Wait, you think your prosaic story doesn’t involve blind search over a super-broad space of models??
I think any prosaic story involves blind search over a super-broad space of models, unless/until the prosaic methodology changes, which I don’t particularly expect it to.
I agree that replacing “blind search” with different tools is a very important direction. But your proposal doesn’t do that!
I agree with this general picture. While I’m primarily knocking down bad complexity-based arguments in my post, I would be glad to see someone working on trying to fix them.
There were a lot of misunderstandings in the earlier part of our conversation, so, I could well have misinterpreted one of your points.
But if so, I’m even more struggling to see why you would have been optimistic that your RL scenario doesn’t involve risk due to unintended mesa-optimization.
By your own account, the other part would be to argue that they’re not simple, which you haven’t done. They’re not actively disincentivized, because they can use the planning capability to perform well on the task (deceptively). So they can be selected for just as much as other hypotheses, and might be simple enough to be selected in fact.
No, not prosaic, that particular comment was referring to the “brain-like AGI” story in my head...
Like, I tend to emphasize the overlap between my brain-like AGI story and prosaic AI. There is plenty of overlap. Like they both involve “neural nets”, and (something like) gradient descent, and RL, etc.
By contrast, I haven’t written quite as much about the ways that my (current) brain-like AGI story is non-prosaic.

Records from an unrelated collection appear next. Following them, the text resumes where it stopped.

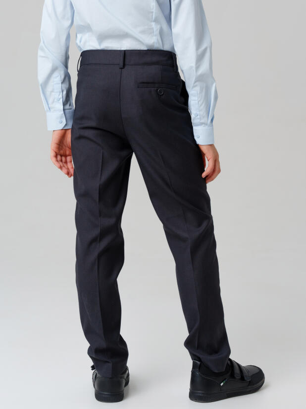 Материал практичен и неприхотлив в уходе: школьные штаны легко стираются, быстро сохнут и сохраняют форму после многократных стирок при температуре до 30°C.
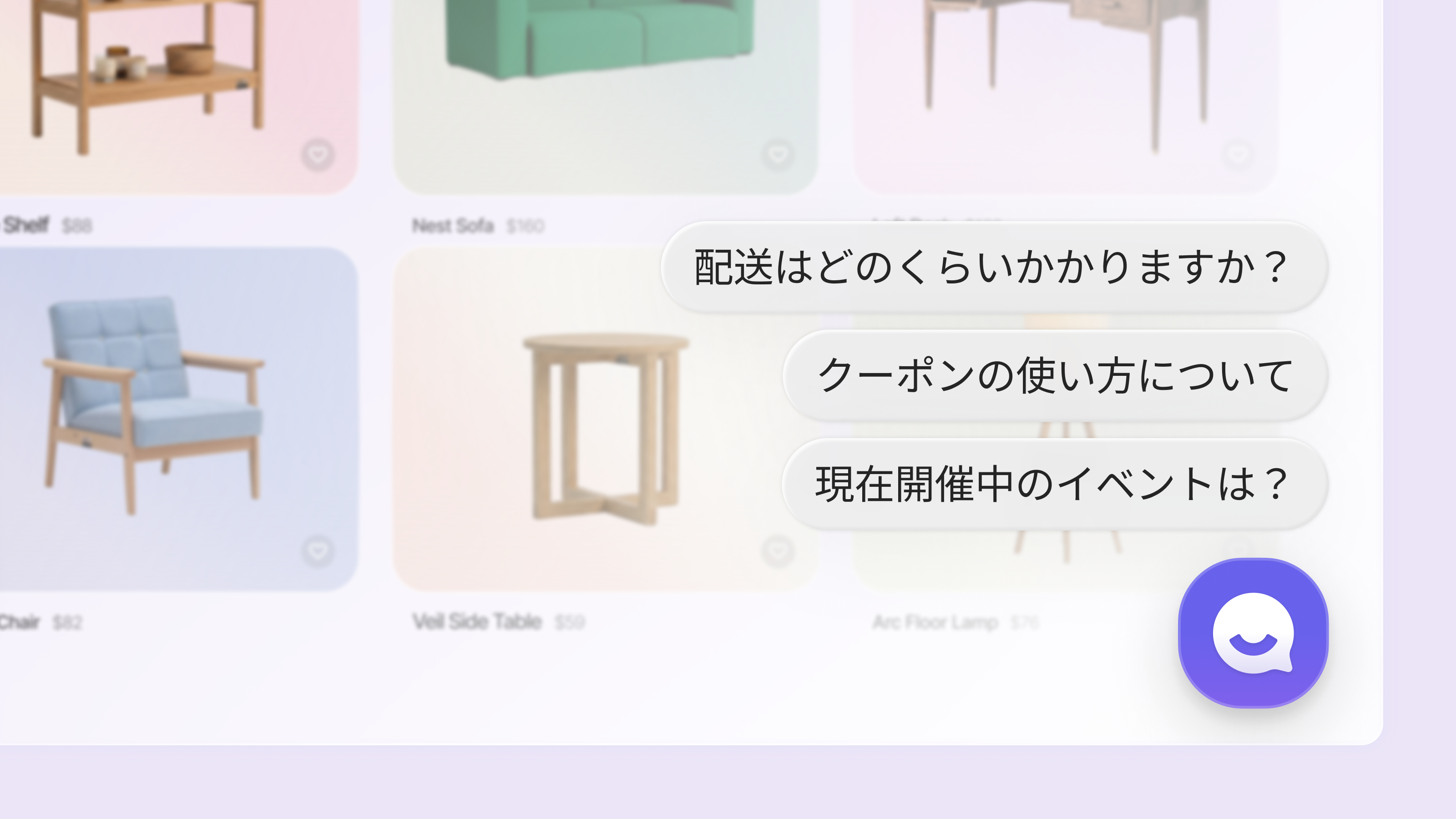 これまではチャット画面に入らないとおすすめ質問を確認できませんでしたが、今後はチャットボタンの上に表示されます。顧客は直接入力しなくても、質問をクリックするだけですぐに回答を受け取れます。
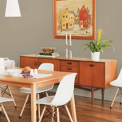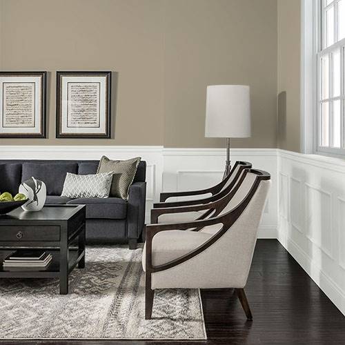 Apply this soothing gold on a kitchen island for a contrasting look. Use white cabinetry and other cream accents.
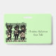 This name or identification badge is light green with three black cats with green eyes playing music with their instruments including a fiddle, guitar, and saxophone while standing on a sheet of black musical notes. Customize your name and information with the templates.
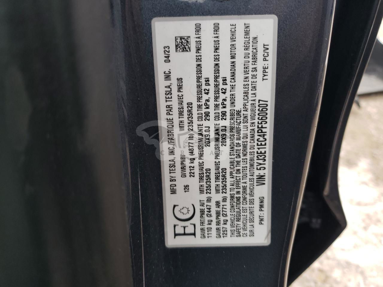 • VIN: 5YJ3E1EC4PF560607
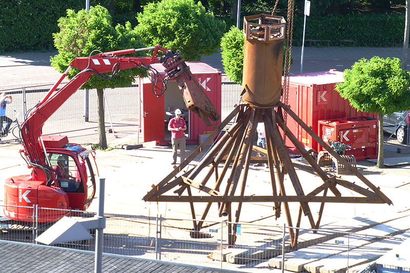 Zojuist vond een inspectie plaats van al het losgesneden staal. Het lijkt erop dat dat gelukt is en dat de stalen constructie spoedig omhoog gehesen kan worden. Bovenstaande foto werd gemaakt door Tom Verhofstad.

And a big one is that I’m thinking that there would be a hardcoded (by humans) inference algorithm that looks like (some more complicated cousin of) PGM belief propagation.
In that case, yes there’s a search over a model space, because we need to find the (more complicated cousin of a) PGM world-model. But I don’t think that model space affords the same opportunities for mischief that you would get in, say, a 100-layer DNN. Not having thought about it too hard… :-P
Ah, ok. It sounds like I have been systematically mis-perceiving you in this respect.
I would have been much more interested in your posts in the past if you had emphasized this aspect more ;p But perhaps you held back on that to avoid contributing to capabilities research.
Yeah, this is a very important question!